Kennel Rate: $4 per day. 
You will need to know the dates that your pet has had his shots, but no actual proof is demanded. Pets must be picked up no later than 1/2 hour after the park closes. 
Park Admission: $40.95 for adults; $33.90 for children ages 3-9. Plus tax. This is the single day/single park rate.

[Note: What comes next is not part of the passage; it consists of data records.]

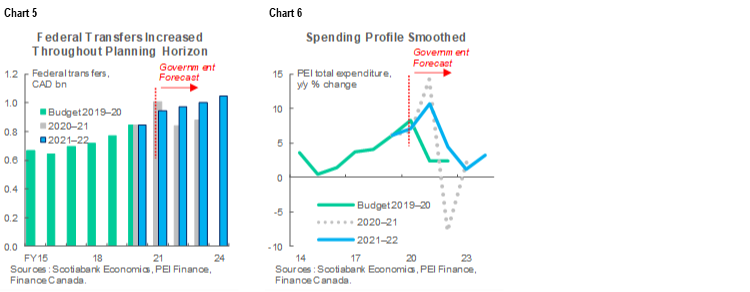 A planned increase in federal funding unlocks greater spending potential for the Island. The fiscal plan released in June 2020 assumed that transfers from Ottawa would surge by more than 20% in FY21, then retreat at a roughly equal rate the next year as pandemic support waned. By contrast, this year’s plan is built on average annual transfer growth of 3.5% during FY22–24, which puts FY22–23 revenues from federal sources on track to exceed the prior plan’s levels by more than $250 mn (chart 5, p.3). With the benefit of those funds, the province has pencilled a 4.4% climb in total expenditures into FY22—presumably reflecting the cost of new programs and policies—which compares to a 7.8% cut planned as of the June 2020 fiscal blueprint (chart 6, p.3).
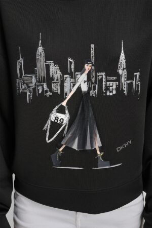ASV modes zīmola DKNY melns sieviešu sportiskā stila džemperis ar kontrastējošu Ņujorkas meitenes dizaina attēlu un spoži mirdzošiem akcentiem. Izgatavots no elastīga poliestera materiāla. Papildināts ar smalkām tilla un zīmola logotipa detaļām.
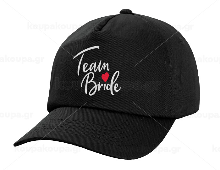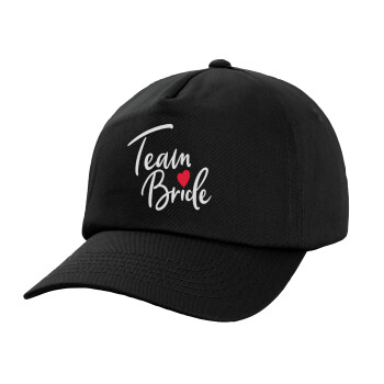 Team Bride red heart, Adult Baseball Cap, 100% Cotton, Black (COTTON, ADULT, UNISEX, ONE SIZE)
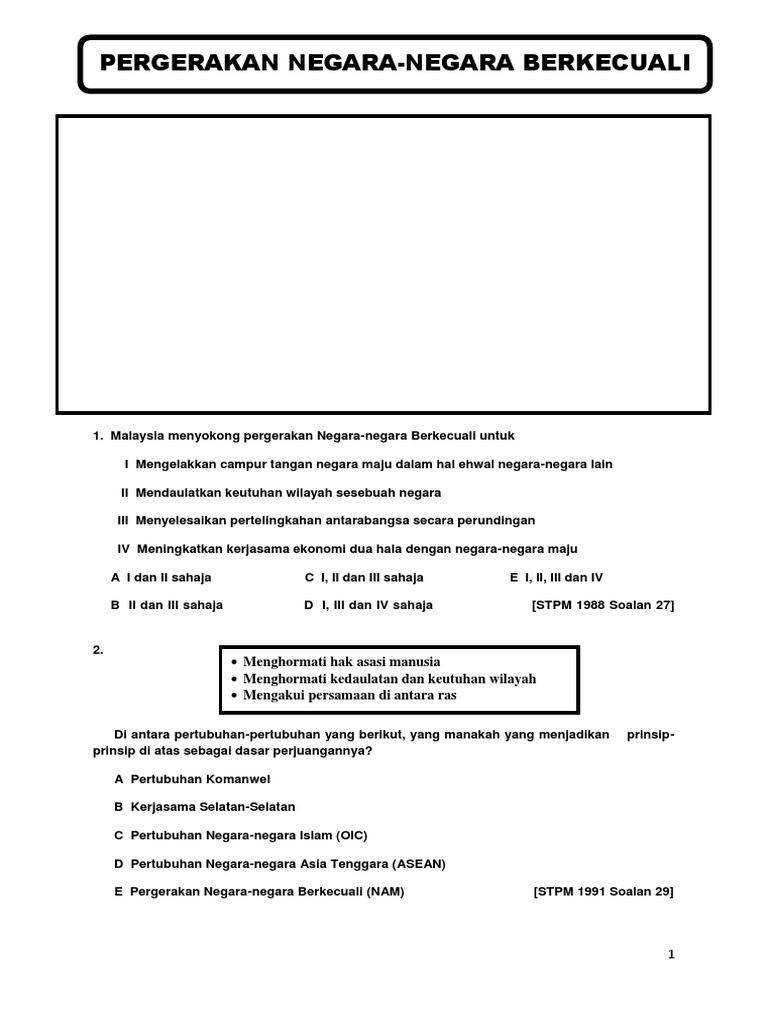 Sijil Tinggi Persekolahan Malaysia Malaysia D Pergerakan Negara Negara Berkecuali Nam 19 Yang Manakah Yang Diperjuangkan Oleh Malaysia Untuk Menangani Isu Isu Sosioekonomi Antarabangsa Pdf Document
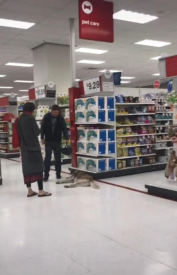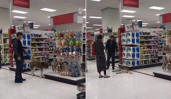 ▼網友偶遇撒嬌耍賴的月月,拍下影片與網友分享。陪著主人好好逛街的月月被貨價上的「娃娃」吸引,站在原地捨不得離開。
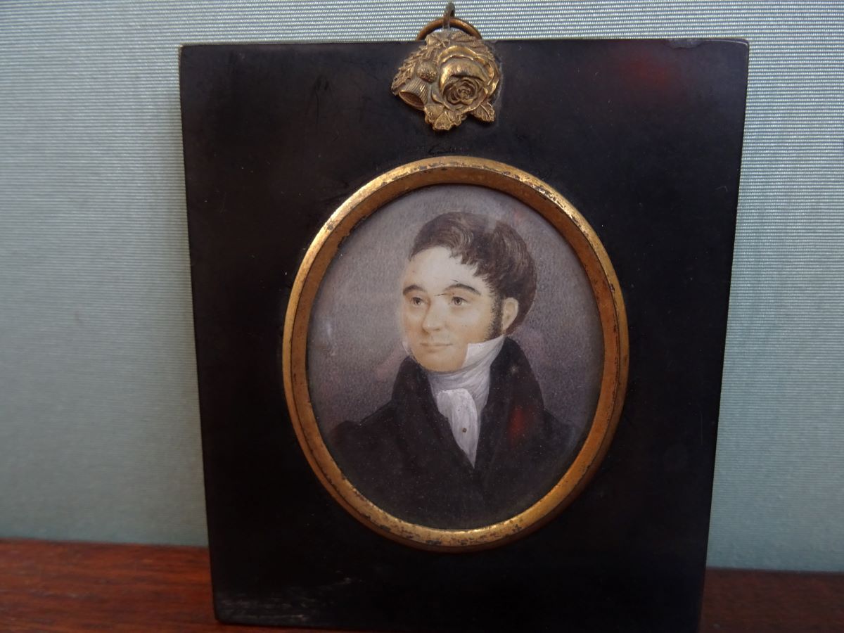 Here is a miniature watercolour of a gentleman from the 19th century, encased in an ebonized frame.
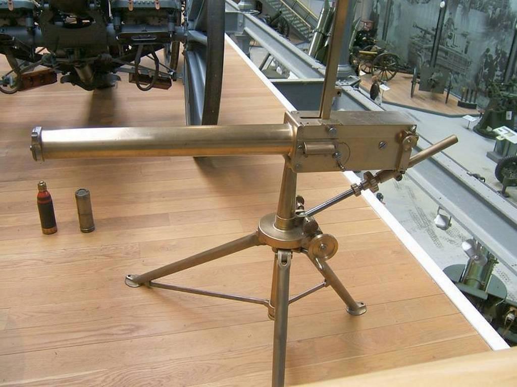А! Там же нет никакого механизма, то есть процессом в процессе руководить нельзя. Хорошо. Тогда можно вспомнить, например, митральезы Уильяма Гарднера от 1880 года и вообще митральезы. Вот посмотрите на это изделие – чем это не пулемёт? Даже по внешнему виду его трудно отличить от того же Максима, хотя на самом деле там, в латунной банке для охлаждающей воды, не один, а два ствола, которые работали по очереди:

Special rates are available for multiple day/multiple park packages.


----------



## kilee

The following is a list of Hotels in the Orlando Area that are known to allow pets.  Please PM w/ any changes or additions you may be aware of (thank you):

Embassy Suites Lake Buena Vista
Celebration World Resort
All Universal Hotels
Sheraton Safari
Comfort Inn Lake Buena Vista
Masters Inn Maingate
La Quinta Inn
Buena Vista Suites
Days Inn East of Universal Studios 
Westin Grand Bohemian
Omni @ Champions Gate
Extended Stay Deluxe Suites
Red Roof Inn Orlando Convention Center
Residence Inn
Motel 6 International Drive


**Some of these resorts may require deposits.  Some might also have weight limits.  Lastly, remember that many hotels are now requiring the pet not be left alone during the day.  Rather some are requiring the pet be kenneled during the day if you will not be w/ them.  In these cases many of the parks allow you to kennel your pets for just the day.


----------



## kilee

Here is some great research done by another DIS member on rental villas that allow pets:

_(We want to thank DIS member-- drgnfly30 for the following quoted info)_

I've been extensively searching for pool homes that would accomodate my dog Bojangles... I've finally booked with the following Villa- It had everything we wanted, location, fenced in yard, pool, hot tub...I dealt directly with the owner & so far it's been a breeze...

www.thinkofaplace.com/floridavacationhomes 

While I haven't stayed at any of these homes... here are some links to pet friendly houses that responded to my inquiries.. I sent out about 20 or so & received about a 40% response rate... Most seemed very welcoming of pets! 

I did receive some Condo/Townhouse responses (I deleted those before I thought of sharing)... I have a barker so a house was a must for us! 

http://www.vrbo.com/81019
http://www.vrbo.com/81374
http://www.vrbo.com/79929
http://www.justfloridavacations.com/bel.htm
http://www.lookatthehome.com/tow.html
http://www.vrbo.com/58705 
www.luxury-home-near-disney.com 
http://www.vrbo.com/9695
http://www.vrbo.com/44957


----------



## kilee

Here is some great new information provided by DIS member, Luvchefmic.

I have been using Extended Stay Deluxe Suites for years when I don't stay on Disney property, the closest to WDW is on Palm Parkway in Lake Buena Vista a few miles from AK Park. There is another one on John Young Pkwy in Orlando about 9 miles from WDW main gates. There are others also in Orlando I believe.

There is a onetime fee of $75 for a dog..no matter how long the stay..& ..no weight limit which is great as my boy below is a 70 lb English Pointer! The places are immaculate...never a doggy smell


----------